** Opening Dataset content block **

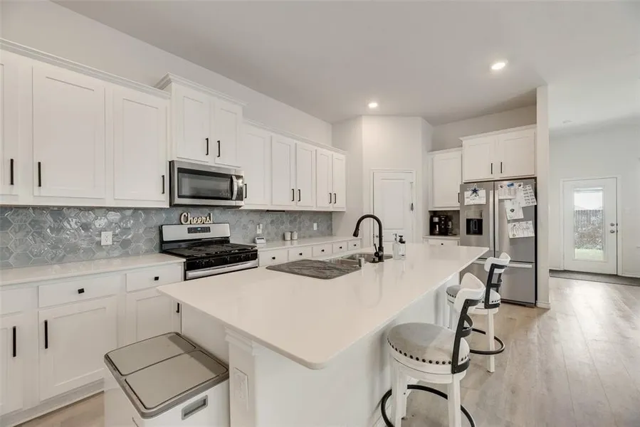 Almost new! Brick and stone front entry on an interior lot in Woods at Lindsey Place. Open plan with kitchen overlooking the living room, breakfast nook and back yard. Gas heat, water heater and cooktop. Quartz counters with white cabinetry and ample pantry. Large master with private bath, oversized shower and separate garden tub. Secondary bedrooms are toward the front of the home and share a bath. Close to 75, schools, restaurants and shopping. NO SUBJECT TO TYPE OFFERS.
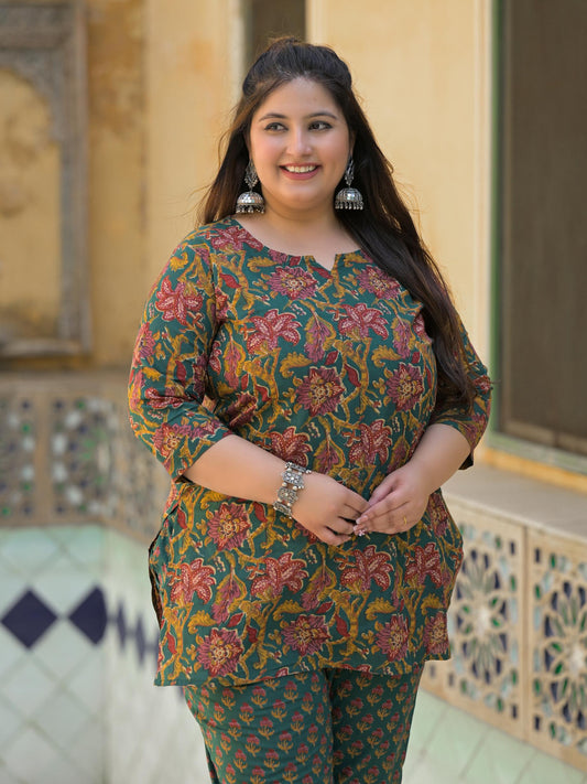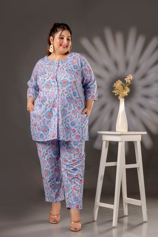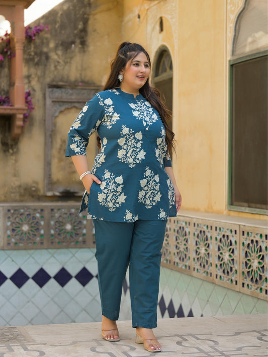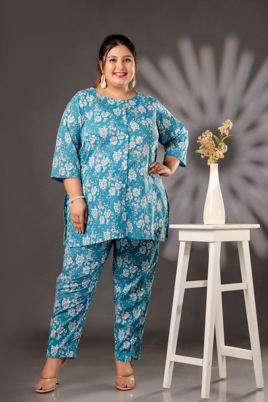 Teal Blue Floral Print Pure Cotton Co-Ord Set
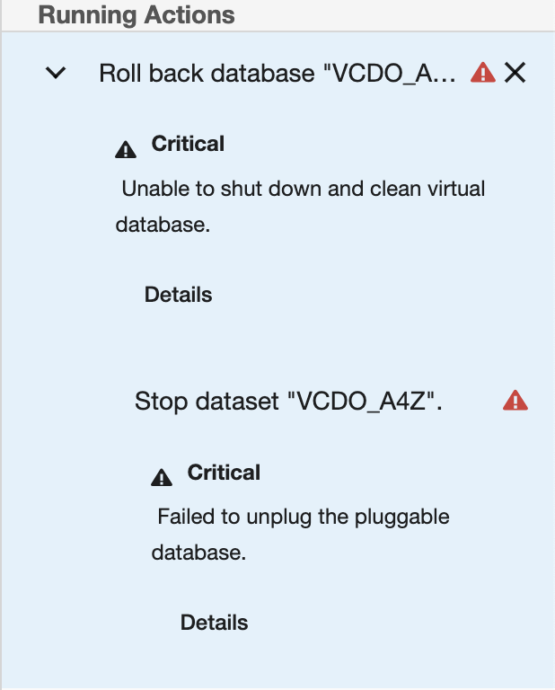 A virtual PDB can be brought out of the bad state by Refreshing or Rewinding it with a force option. The force option is only available in the CLI. The force parameter is part of OracleRefreshParameters and OracleRollbackParameters for the Refresh and Rewind operations respectively. The default value for the force parameter is false. For details on how to use the force option, refer to CLI cookbook: Force refresh/rewind a virtual PDB
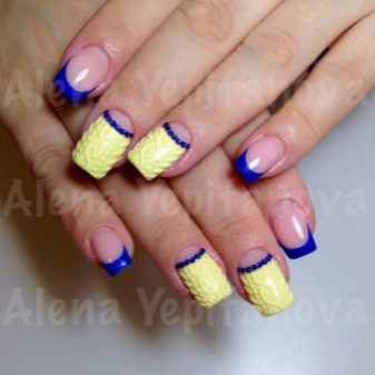 Brave and young girls can use brighter colors for French manicure: yellow, orange, purple, turquoise, red, fuchsia, green, blue and others. He looks original, bold and interesting. However, you should be careful when choosing companion colors that should be from the same palette. For example, yellow goes well with orange, blue with blue and turquoise, purple with lilac, burgundy with eggplant.

** Closing Dataset content block **

What to work on:
The required answer is an exact, picture-free copy of the lines from the opening of the listing above through the line with "Teal Blue Floral".

Exercise answer:
 Almost new! Brick and stone front entry on an interior lot in Woods at Lindsey Place. Open plan with kitchen overlooking the living room, breakfast nook and back yard. Gas heat, water heater and cooktop. Quartz counters with white cabinetry and ample pantry. Large master with private bath, oversized shower and separate garden tub. Secondary bedrooms are toward the front of the home and share a bath. Close to 75, schools, restaurants and shopping. NO SUBJECT TO TYPE OFFERS.
 Teal Blue Floral Print Pure Cotton Co-Ord Set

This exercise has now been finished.